Bishan has a recorded history of over 2000 years.
- In 316 BC, Jiangzhou County (江州县) was established here by the State of Qin.
- In 757, Bishan County was established and administered by Yuzhou.
- In 1102, Bishan was administered by Gongzhou, which is renamed from Yuzhou.
- In 1189, Gongzhou was promoted to Chongqing Fu, which still administered Bishan County.
- In 1259, Bishan County was merged into Ba County.
- In 1483, Bishan County was re-established.
- In 1662, Bishan County was merged into Yongchuan County.
- In 1729, Bishan County was re-established again.
- In 1914, Bishan County was administered by Sichuan province.
- In 1997, Bishan County became part of the newly established Chongqing Municipality.
- In 2014, Bishan County became Bishan District of Chongqing.

==Geographic condition==
Bishan is located in 106°02′E−106°20′E of longitude and 29°17′N−29°53′N of latitude. It is in border with Shapingba District and Jiulongpo District in east, with Jiangjin District of Chongqing in south, with Tongliang County and Yongchuan District of Chongqing in west, with Hechuan District and Beibei District of Chongqing in north.

==Climate==
Its climate belongs to subtropic monsoon weather style, with an annual average temperature of 18.0°C, annual total rainfall of 1231.2mm and frost-free period of 337 days. On 20 August 2022, a maximum temperature of 43.8 °C was registered in Bishan District.

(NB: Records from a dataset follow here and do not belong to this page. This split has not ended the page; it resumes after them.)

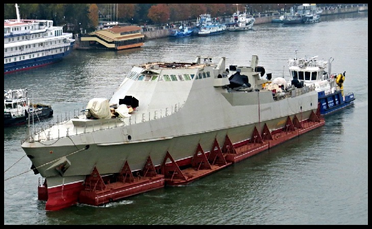 In queste foto si può vedere il trasporto dello scafo del pattugliatore della Marina Russa "Vasily Bykov" che, a bordo di una chiatta, attraversa le placide acque del Don a Rostov.
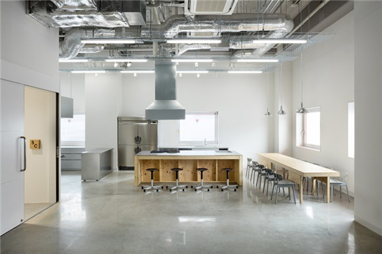 廚房也被安排在五樓,跟會(huì)議室在一起。出完飯以后,還可以選擇逛逛圖書(shū)館。將兩個(gè)不同功能的空間結(jié)合在一起,也是一種特有的解決方案。可以試著用烹飪的方式把知識(shí)轉(zhuǎn)化成行動(dòng)。
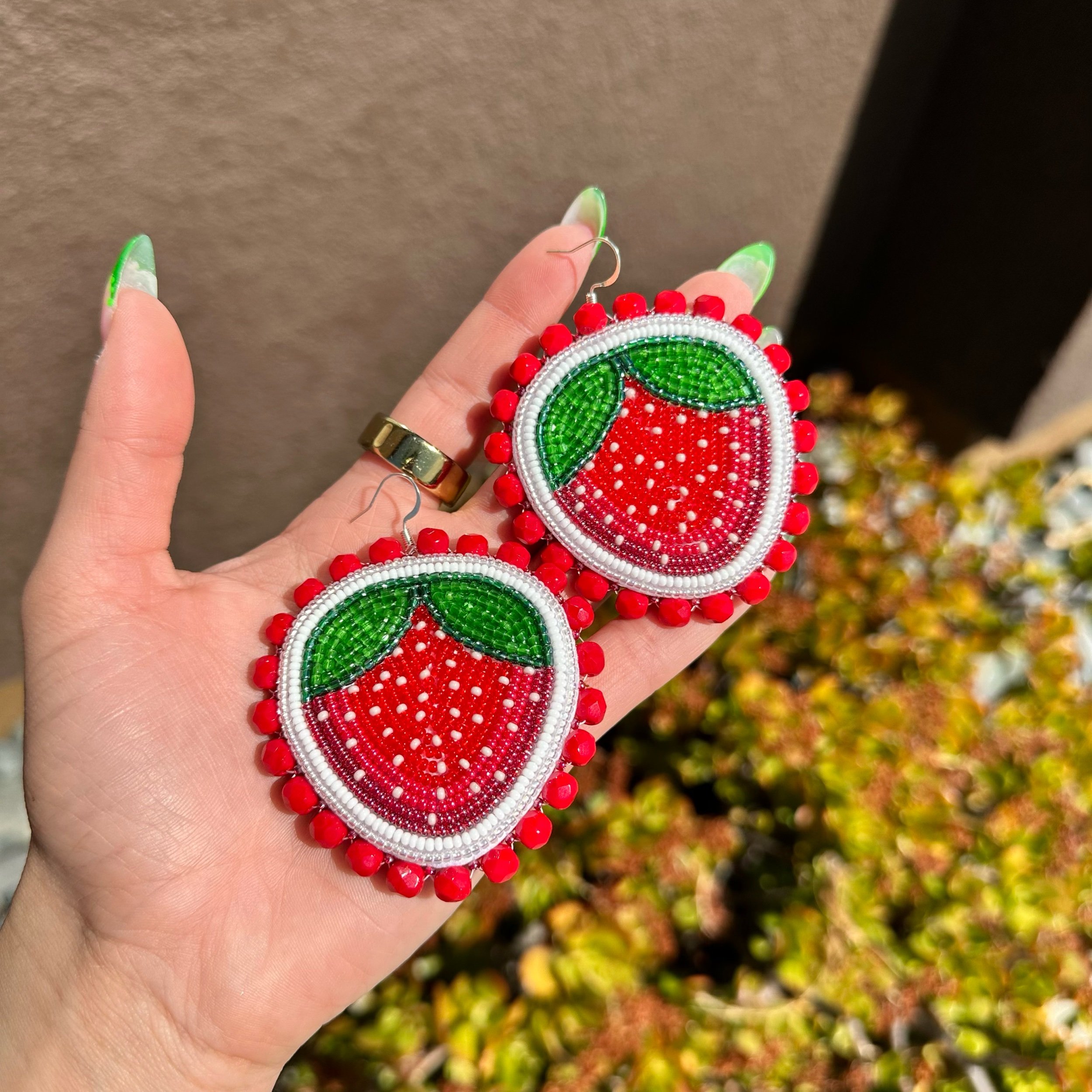 Beaded strawberries with red ombre luster, green ombre satin, white & AB crystal beads. Backed with felt and silver plated earring hooks.
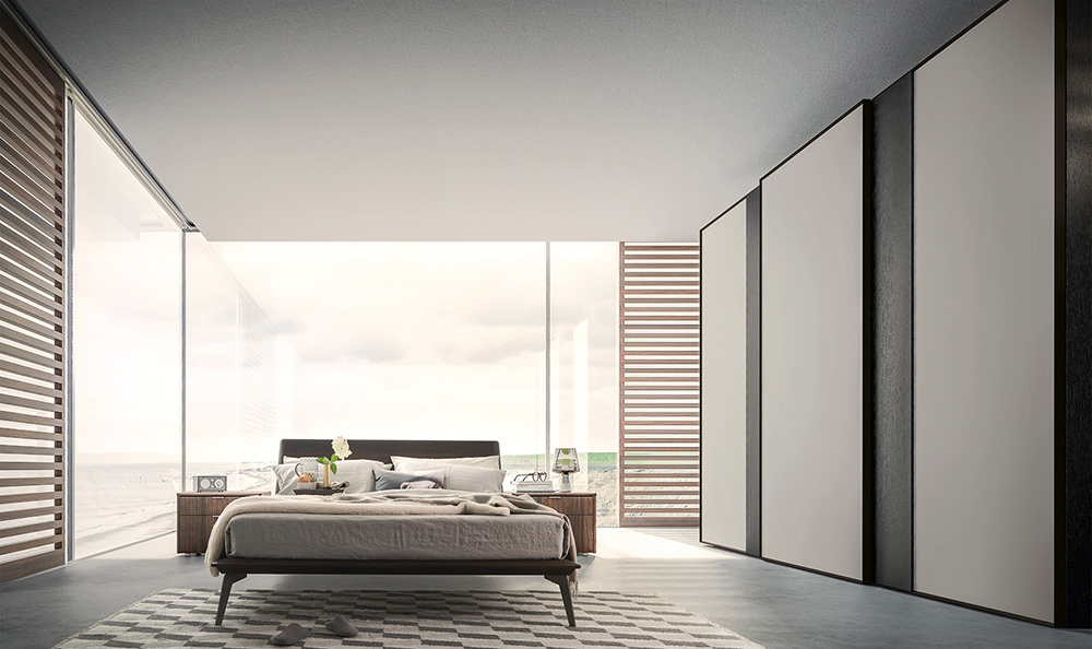 The Frame wardrobe has a sliding door and integrated louvre and is an essential accessory in a respectable room: it completes the room dedicated to relaxation, optimizing the spaces and embellishing them. There are numerous finishes both for the fronts and for the interiors.
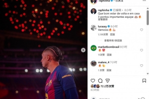 本場比賽也是巴薩回歸諾坎普球場首戰(zhàn),迎來傷愈復(fù)出的拉菲尼亞在社媒曬照寫道:“回家的感覺真棒!球隊(duì)取得關(guān)鍵三分”
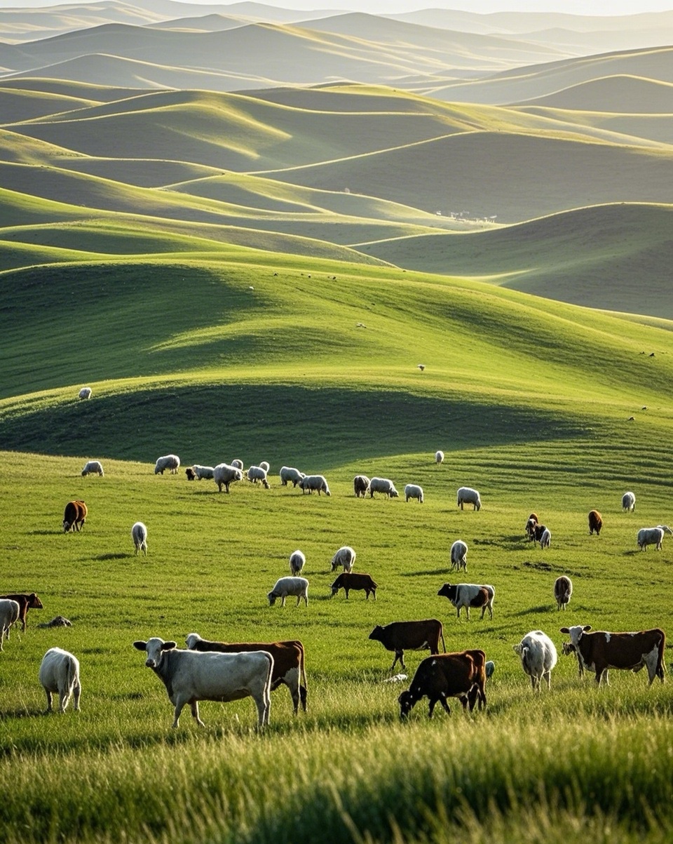 锡林郭勒草原是“草原天堂”,有多种草原类型,还藏着洪格尔岩画、元上都遗址等古迹,金秋时黄绿相间,牛群羊群悠然,草垛似“瑞士卷”。
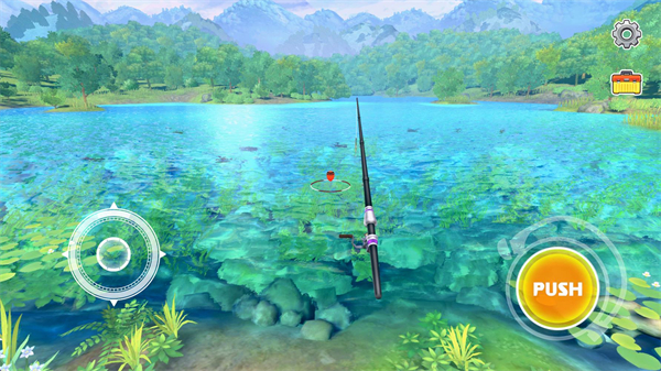 4、正式开始后左边控制鱼漂的位置,点击右边的push可以抛出鱼竿扔出鱼饵。
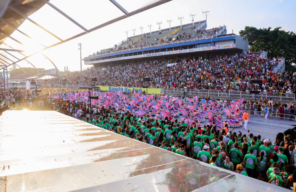 Os ingressos são comercializados por data, setor e lote, com valores a partir de R$ 320, variando conforme o dia de desfile e a área escolhida. Todos os acessos incluem abadá, disponível nos tamanhos P, M, G, GG, XG, MOMO e MOMO 2.
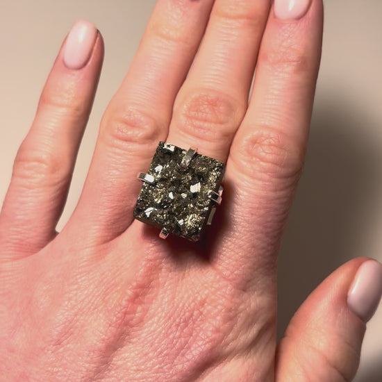 Каблучка з піритом з посрібленням onesize Py-105

Climate data for Bishan, elevation 332 m (1,089 ft), (1991–2020 normals, extremes 1981–present)
| Month | Jan | Feb | Mar | Apr | May | Jun | Jul | Aug | Sep | Oct | Nov | Dec | Year |
| Record high °C (°F) | 17.6 (63.7) | 24.0 (75.2) | 34.5 (94.1) | 35.7 (96.3) | 37.2 (99.0) | 38.0 (100.4) | 41.5 (106.7) | 43.8 (110.8) | 41.8 (107.2) | 35.1 (95.2) | 29.0 (84.2) | 19.2 (66.6) | 43.8 (110.8) |
| Mean daily maximum °C (°F) | 10.2 (50.4) | 13.3 (55.9) | 18.2 (64.8) | 23.6 (74.5) | 26.9 (80.4) | 29.2 (84.6) | 33.0 (91.4) | 33.3 (91.9) | 28.0 (82.4) | 21.7 (71.1) | 17.1 (62.8) | 11.4 (52.5) | 22.2 (71.9) |
| Daily mean °C (°F) | 7.6 (45.7) | 10.0 (50.0) | 14.2 (57.6) | 19.0 (66.2) | 22.4 (72.3) | 24.9 (76.8) | 28.3 (82.9) | 28.3 (82.9) | 23.9 (75.0) | 18.5 (65.3) | 14.0 (57.2) | 9.0 (48.2) | 18.3 (65.0) |
| Mean daily minimum °C (°F) | 5.8 (42.4) | 7.8 (46.0) | 11.3 (52.3) | 15.7 (60.3) | 19.1 (66.4) | 22.0 (71.6) | 24.9 (76.8) | 24.7 (76.5) | 21.1 (70.0) | 16.4 (61.5) | 12.0 (53.6) | 7.3 (45.1) | 15.7 (60.2) |
| Record low °C (°F) | −1.7 (28.9) | 0.6 (33.1) | −0.1 (31.8) | 6.2 (43.2) | 9.7 (49.5) | 15.0 (59.0) | 18.2 (64.8) | 18.6 (65.5) | 13.6 (56.5) | 6.7 (44.1) | 3.7 (38.7) | −1.5 (29.3) | −1.7 (28.9) |
| Average precipitation mm (inches) | 16.5 (0.65) | 20.2 (0.80) | 50.1 (1.97) | 97.8 (3.85) | 135.7 (5.34) | 196.2 (7.72) | 176.5 (6.95) | 139.1 (5.48) | 125.5 (4.94) | 90.8 (3.57) | 47.0 (1.85) | 21.1 (0.83) | 1,116.5 (43.95) |
| Average precipitation days (≥ 0.1 mm) | 10.0 | 8.7 | 11.4 | 14.0 | 15.9 | 16.5 | 12.6 | 11.8 | 13.6 | 17.0 | 11.6 | 10.9 | 154 |
| Average snowy days | 0.4 | 0.2 | 0 | 0 | 0 | 0 | 0 | 0 | 0 | 0 | 0 | 0.1 | 0.7 |
| Average relative humidity (%) | 82 | 78 | 75 | 75 | 75 | 80 | 75 | 72 | 78 | 84 | 83 | 84 | 78 |
| Mean monthly sunshine hours | 25.4 | 37.3 | 77.4 | 106.8 | 108.9 | 96.9 | 165.4 | 173.7 | 102.8 | 52.2 | 44.1 | 23.3 | 1,014.2 |
| Percentage possible sunshine | 8 | 12 | 21 | 27 | 26 | 23 | 39 | 43 | 28 | 15 | 14 | 7 | 22 |
Source: China Meteorological Administrationall-time extreme temperatureall-time July high

==Transportation==
===Bus===
Bus service is available via the Chengyu Expressway from Chenjiaping Bus Station of within Chongqing's city proper, some 23 km away.

===Metro===
The Bishan metro station of Line 1 (Chongqing Rail Transit) opened on December 30, 2019. The Bishan rubber-tyred tram runs between the Bishan metro station and Bishan high-speed rail station.

===Railway===
Construction of the Bishan Railway Station began in 2012 and was completed in December 2014. The station was opened on December 26, 2015. It is on the route of the Chengdu–Chongqing Intercity Railway, which opened for passenger service in June 2015. The railway station acts as a central travel hub for the Bishan area. After the completion of the high-speed rail line, Bishan was further integrated into the urban area of Chongqing, as travel time to Chongqing city proper was reduced to a mere 15 minutes.